11 Eylül 2018 Salı

Genç Bir Doktorun Anıları - Mihail Bulgakov

Çiçeği burnunda bir doktor taşraya tayin olunur. Bu genç doktor aslında şehirde kalıp bir hastanede stajyer doktor olarak çalışmak istemektedir ama emir demiri kestiği için tıpış tıpış köyde çalışmaya gider. Genç Bir Doktorun Anıları'nda Bulgakov bu genç doktorun köyde yaşadığı zorlukları, mesleği öğrenirken çektiği çileleri, bir hekim olarak kendine güven kazanma süreci esnasındaki korkularını, köy yerinin cahilliğini, batıla olan derin bağlılığını, tıbba olan kör inançsızlığını anlatıyor. 

Konu bizdeki mevzulara çok yakın aslında. Türk Edebiyatında da taşraya atanan öğretmenin, doktorun, kaymakamın hikayesini defalarca okumuşuzdur. Yani bu mevzulara Kanada'da, Norveç'te vesaire rastlayamıyoruz haliyle. Ben Bulgakov'da da bizde olandan daha farklısını pek göremedim. Belki de Anadolu kırsalıyla Rus kırsalı birbirine benziyor.
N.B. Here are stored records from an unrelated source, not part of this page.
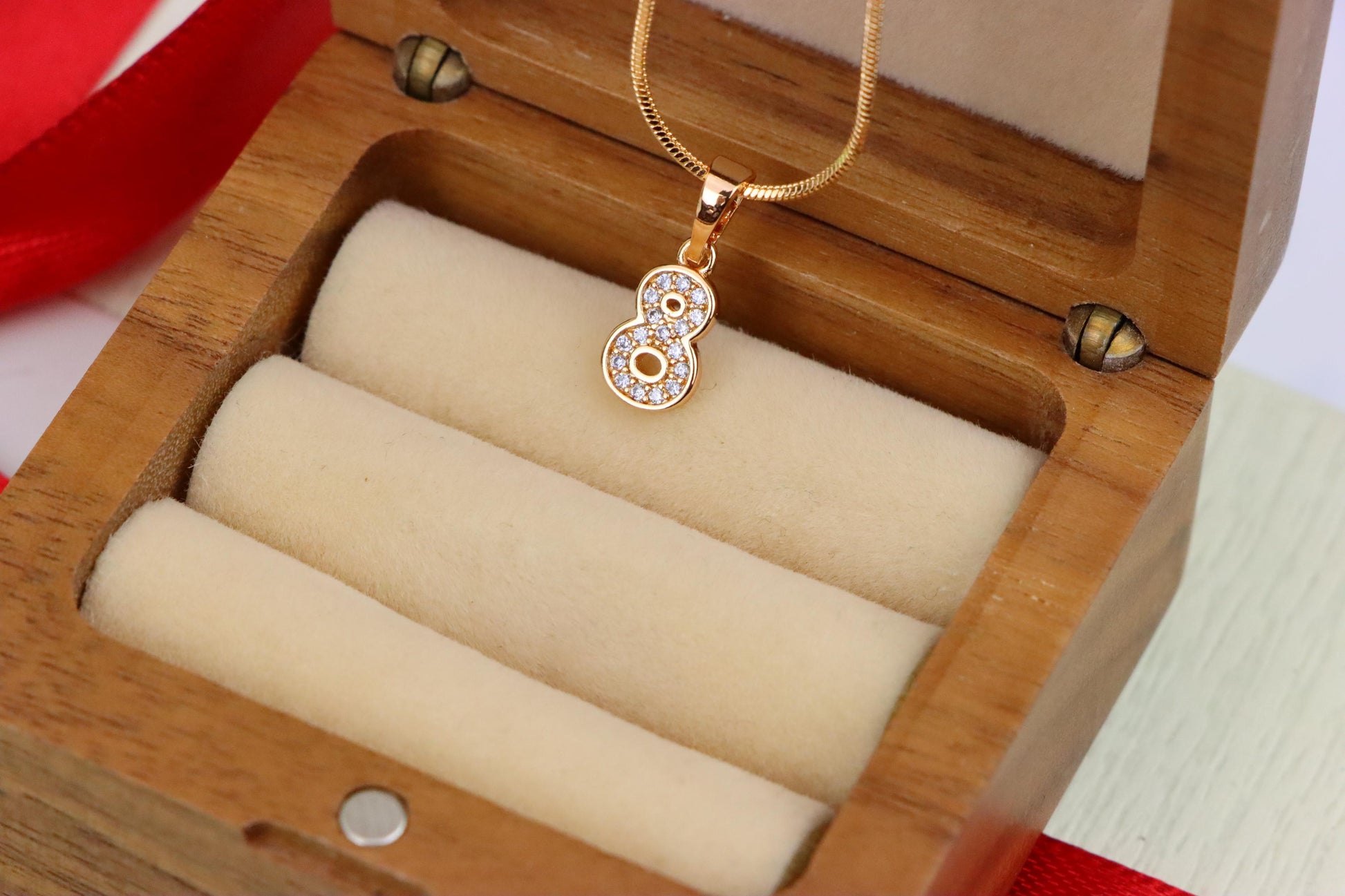 Rose Gold Number 8 Pendant with Crystals – 18K Gold Plated Charm, XPPT1348
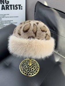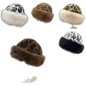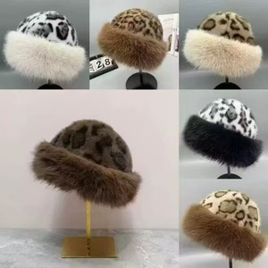 跨境新款时尚豹纹毛毛蒙古帽毛绒帽子女冬季保暖仿貂毛狐狸毛渔夫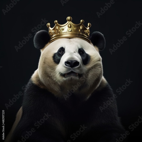 © somsong, Obraz premium portrait of a majestic panda with a crown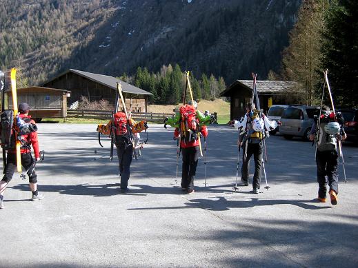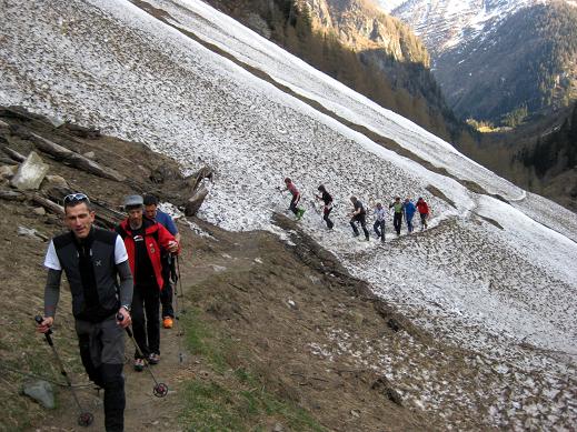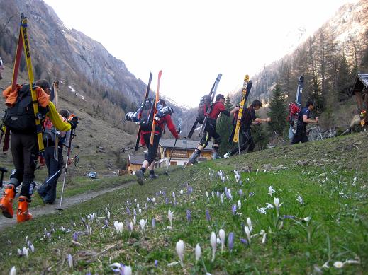 Samstag 16.4. Motto des Tages: langsam fahren, schnell gehen. Nachdem uns Gustl nach rekordverdächtigen drei Stunden Fahrzeit am Ende des Virgentales abgesetzt hatte, galt es zunächst einmal die Schier zu schultern. Der“Tragespass endete abrupt, da wir unser Material der Seilbahn zur Essen Rostocker Hütte überantworteten und gemütlich mit Turnschuhen weiter“marschierten (die Hardcoreabteilung ließ es sich nicht nehmen den Hüttenanstieg in Schischuhen zu bewältigen). Daraus erklärt sich auch die Anstiegszeit von nur ca. 1,5h – wie bei einer Sommerwanderung ohne Gepäck. Die Hütte liegt an einem genialen Platz, nämlich genau dort wo der Schnee beginnt. Das Abendessen wurde uns im leicht unterkühlten Hinterzimmer serviert, doch bald schon mischten wir uns zur Völkerverständigung unter das Volk in der gut temperierten Gaststube.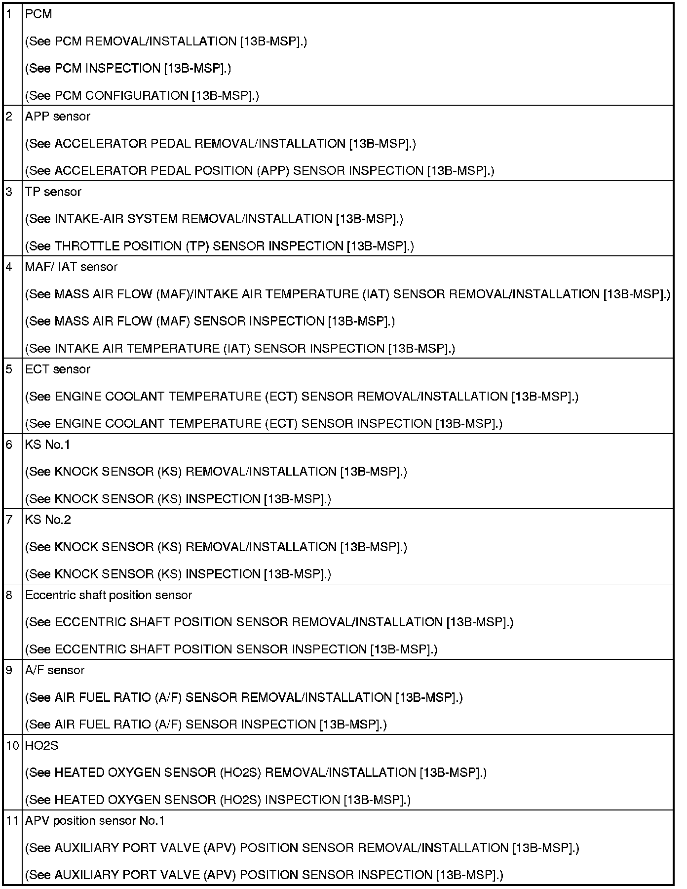 CONTROL SYSTEM LOCATION INDEX [13B-MSP]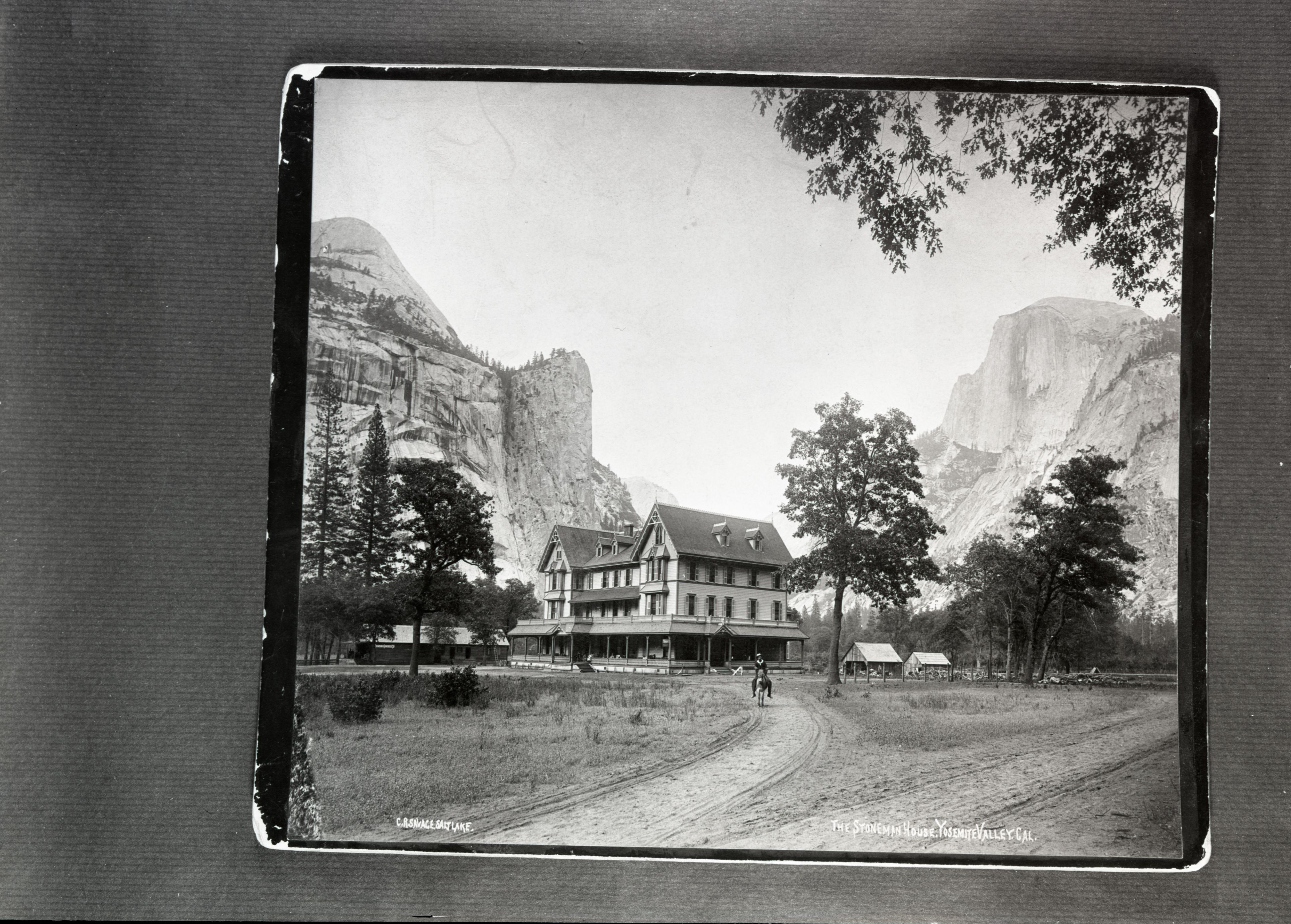 Copied from an old Fiske photo by Phillips (over). Muir thought the pretentious Stoneman House, 1887–1896, had a silly look. (YNP collection).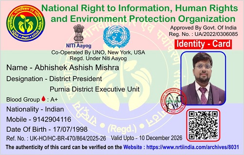 "राष्ट्रीय सूचनाधिकार, मानवाधिकार एवं पर्यावरण संरक्षण संगठन"* से जुड़े रहने के लिए आप संगठन के सोशल मीडिया साइटो पर भी जा सकते है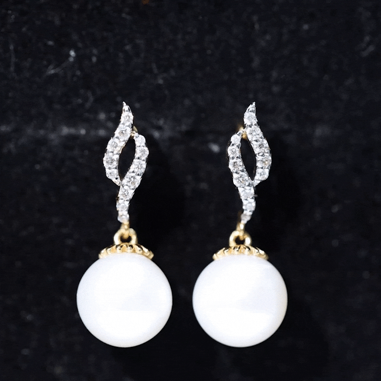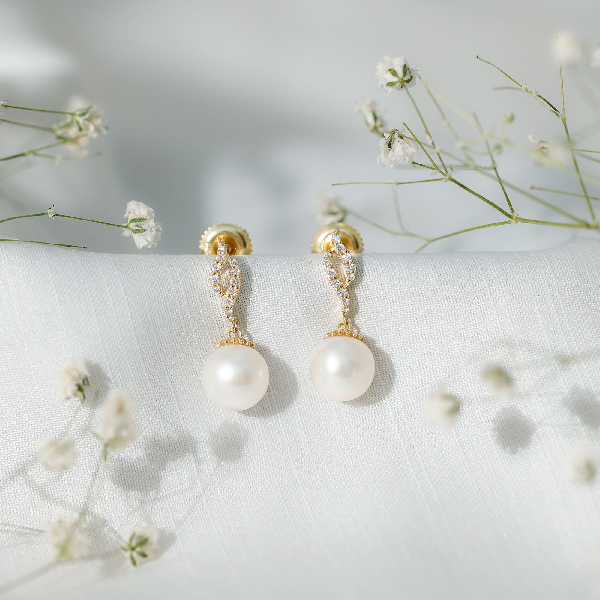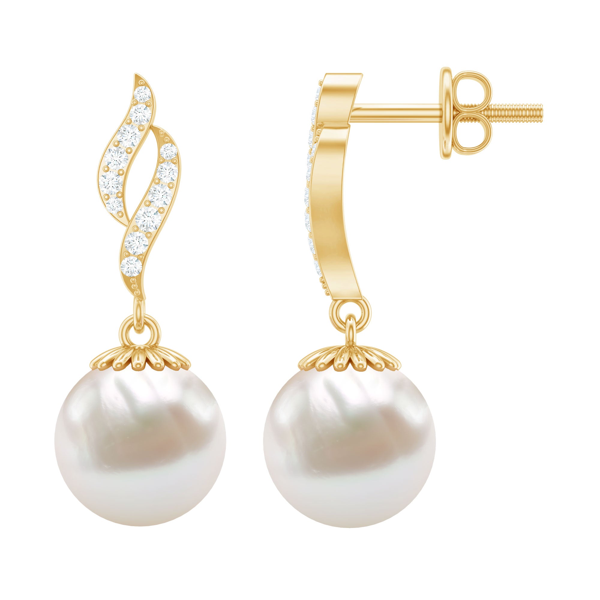 The charming pair of Drop Earrings feature Round Diamonds and 8 MM Round Shape Freshwater Pearl as Drop in Bead Setting. The Bridal Earrings are a perfect Wedding Day gift for your beloved.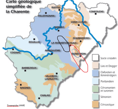 Le karst de La Rochefoucauld se localise sur la partie est du département de la Charente c’est-à-dire dans les terrains jurassiques.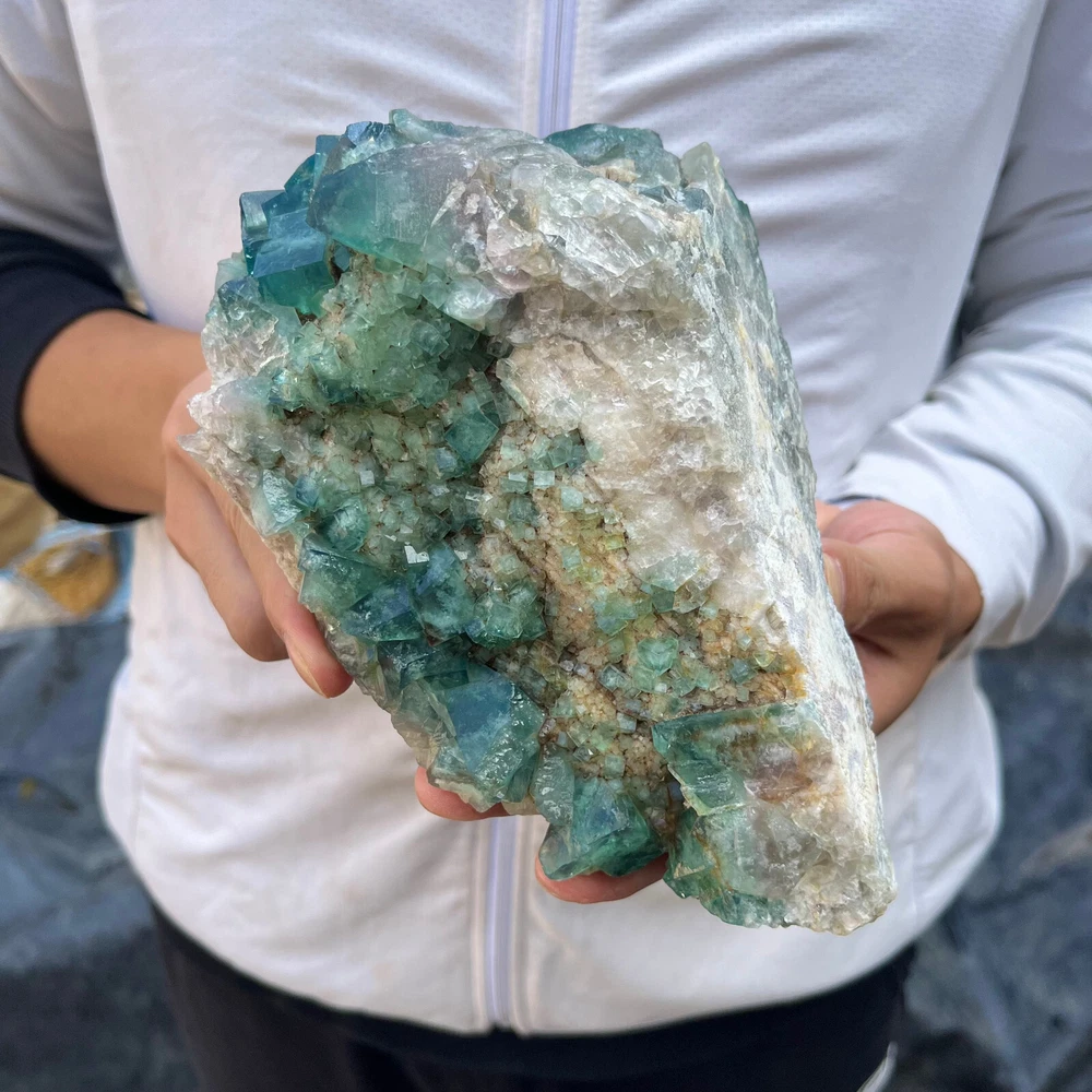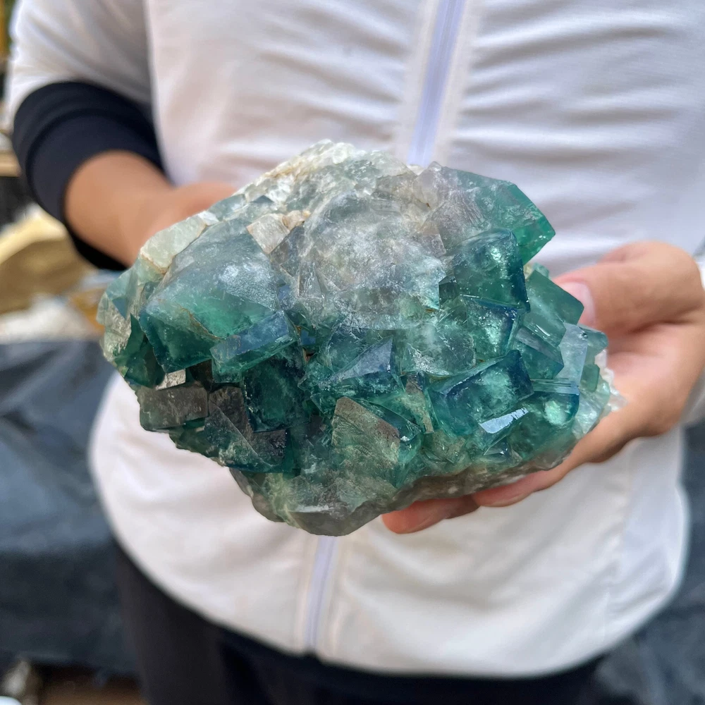 $ 52.85LB Natural Green Fluorite Cube Quartz Crystal Cluster Mineral Specimen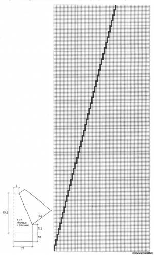 Наберите на спицы 138 петель и вяжите резинкой 2 x 2.$CUT$ Довяжите до 45-го ряда и начинайте вязать лиц. гладью. Провяжите еще 45 рядов и начинайте вязать по схеме 1. Закончите на 270-м ряду, закройте петли. Свяжите спинку аналогично.

Belki de "sen vatanın şu noktasına çalışmaya gideceksin, lamı cimi yok" anlayışı bizde olduğu gibi Ruslarda da var. O kadarını bilmiyorum. Kitapta gözlemleyebildiğim tek fark Bulgakov'un bütün o köylü cehaleti, imkansızlıklar vesaire üzerine konuşmanın yanı sıra başkarakterinin kişisel korkularına, benlik sorgulamalarına da yoğunlaşması. Çok ufak görünen mesleki korkuların aslında onları yaşayan için ne kadar devasa şeyler olduğunu son derece başarılı bir yoğunlukla gösterebilmiş olması. Genç doktorun her gün "ya bu gün bir ters doğum vakası gelirse" korkusuyla uyanması beni gayet etkiledi doğrusu. Bir de kar kış kıyamet atmosferi içinde binbir zorlukla görev yapmış köy enstitüsü mezunları, çiçeği burnunda tıbbiyelilerin hikayelerini de bildiğimiz için eseri bir yakınlık duygusuyla okuyabiliyoruz. Hatta aklımıza aşağıda görüleceği üzere birtakım komiklikler bile getirebiliyor. 


Bulgakov'un kendisi de köy doktorluğu yapmış. Anılarını birebir bu kitaba aktarıp aktarmamış olduğunu bilmiyorum ama illa ki gerçeklikle büyük ölçüde bağı vardır kitabın. Kitabın her bir bölümü hem birbirinden bağımsız bir biçimde okunabilecek öyküler niteliğinde hem de bir araya geldiklerinde başı sonu belli bir roman olmasa da iyi bir hatırat oluşturur nitelikte. Doktorun kendisine gelen her hastada önce korkup panik yaşaması sonra da işin içinden başarıyla sıyrılması durumu kendini çok tekrar edip okuyucuyu sıksa da yazarın  ameliyatları anlatırken kullandığı dil ve tasvir gücü kitabı okunabilecek bir hale sokuyor. 

Çevirisi gayet başarılı. Göze batan bir dil sorunu taşımıyor. Kesinlikle okunması gereken bir kitap olarak görmüyorum bunu ama okunduğu takdirde de asla pişmanlık duyulacak bir eser değil. Okura başlığında vaat ettiğini sunan, fazlasına karışmayan, birazcık Rus devrimi atmosferi tattıran, kısa sürede biten, makul bir kitap.